### WHAT THIS TASK INVOLVES
Read the listing below and copy out every line that holds "with".

### THE DATA
((

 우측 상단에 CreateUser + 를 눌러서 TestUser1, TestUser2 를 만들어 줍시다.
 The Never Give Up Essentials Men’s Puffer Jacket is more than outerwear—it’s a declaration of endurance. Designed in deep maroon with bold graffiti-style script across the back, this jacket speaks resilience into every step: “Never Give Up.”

))
((

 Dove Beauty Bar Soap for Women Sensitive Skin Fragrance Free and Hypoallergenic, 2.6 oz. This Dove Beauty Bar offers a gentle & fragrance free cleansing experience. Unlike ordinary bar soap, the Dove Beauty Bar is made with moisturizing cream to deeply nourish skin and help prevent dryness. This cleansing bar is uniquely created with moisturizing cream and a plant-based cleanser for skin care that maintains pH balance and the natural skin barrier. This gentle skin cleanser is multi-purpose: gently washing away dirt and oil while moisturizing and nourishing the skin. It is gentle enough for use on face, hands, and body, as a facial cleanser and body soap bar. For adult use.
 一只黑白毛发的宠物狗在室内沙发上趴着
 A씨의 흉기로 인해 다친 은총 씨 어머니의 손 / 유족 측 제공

))

### RESPONSE BOX
 The Never Give Up Essentials Men’s Puffer Jacket is more than outerwear—it’s a declaration of endurance. Designed in deep maroon with bold graffiti-style script across the back, this jacket speaks resilience into every step: “Never Give Up.”
 Dove Beauty Bar Soap for Women Sensitive Skin Fragrance Free and Hypoallergenic, 2.6 oz. This Dove Beauty Bar offers a gentle & fragrance free cleansing experience. Unlike ordinary bar soap, the Dove Beauty Bar is made with moisturizing cream to deeply nourish skin and help prevent dryness. This cleansing bar is uniquely created with moisturizing cream and a plant-based cleanser for skin care that maintains pH balance and the natural skin barrier. This gentle skin cleanser is multi-purpose: gently washing away dirt and oil while moisturizing and nourishing the skin. It is gentle enough for use on face, hands, and body, as a facial cleanser and body soap bar. For adult use.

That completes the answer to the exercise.